Pelo direito de acreditar
Nessa quarta-feira de cinzas ficamos todos, na agência de propaganda em que trabalho, consternados com a notícia de que um de nossos colegas sofreu um seqüestro relâmpago na sexta de Carnaval, assim que saiu da agência. Durante mais de cinco horas ele ficou nas mãos de dois seqüestradores mas, graças a Deus, além do terror que passou, sofreu apenas algumas pequenas escoriações.
Afora o choque da notícia em si, fiquei ainda mais assustada com o que ele disse após todo o ocorrido. Ele, que sempre foi uma pessoa sem preconceitos, que nunca teve receio ou medo de outro ser humano (pelo contrário, talvez ele seja uma das pessoas mais humanas que conheço), falou que a partir de agora ele enxergava o mundo com outros olhos. Olhos de desconfiança.
Essa frase não me saiu da cabeça a tarde toda. Muito mais do que a paz do meu amigo, esse episódio roubou uma das coisas que ele tinha de mais preciosa: a capacidade de acreditar no outro. A capacidade de enxergar todos da mesma maneira. A partir desse momento, ou ao menos por um bom tempo, desconhecidos passarão a ser suspeitos. E ponto final.
Fiquei pensando nas milhares de pessoas que todos os dias sofrem das piores atrocidades. Fiquei pensando naqueles que tem seus entes queridos levados da forma mais cruel. Fiquei pensando, enfim, em como a violência tem nos tirado a capacidade sublime de acreditar.
Sinceramente, não sei o que de prático podemos fazer a respeito. Mas sei que não podemos ficar parados enquanto perdemos a esperança. Em nós mesmos, no outro e no mundo em que vivemos.
Diariamente a história se repete. Muitas vezes, com um final bem diferente da história do meu amigo. São garotas convidadas para uma festa e estupradas por aqueles que as convidaram. São jovens assassinados a queima roupa. São crianças brutalmente abusadas. E a cada nova manchete, a nossa capacidade de crer no outro se esvai mais um pouquinho.

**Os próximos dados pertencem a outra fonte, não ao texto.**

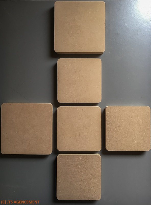 Usinages de pavés de 13×13 cm et 15×15 cm en MDF d’épaisseur 19 mm, destinés la réalisation de lettres décoratives. Ces pavés peuvent être fabriqués dans toutes les épaisseurs disponibles de MDF, ainsi qu’en bois massifs..

Como eu disse ali em cima, de concreto, de prático, eu não sei o que podemos fazer. Mas de uma coisa eu tenho certeza: eu quero acreditar. Eu quero andar pela rua e enxergar o outro, mesmo que mal vestido, da mesma forma como eu me vejo. Eu quero ser abordada no sinal sem medo, entendendo que o outro só me pede ajuda – e não o meu carro ou a minha bolsa. Eu quero ver crianças como crianças e não como pequenos delinqüentes.
Eu quero continuar acreditando. Acreditando que o mundo pode mudar, que as pessoas podem melhorar, que o ser humano é capaz sim de amar. De se importar, de cuidar, de transformar a realidade em que vive.
Talvez, se mais de nós acreditarmos e começarmos a lutar por esse direito, um dia as coisas mudem. Mas desde já, eu digo: eu quero acreditar. Hoje e sempre!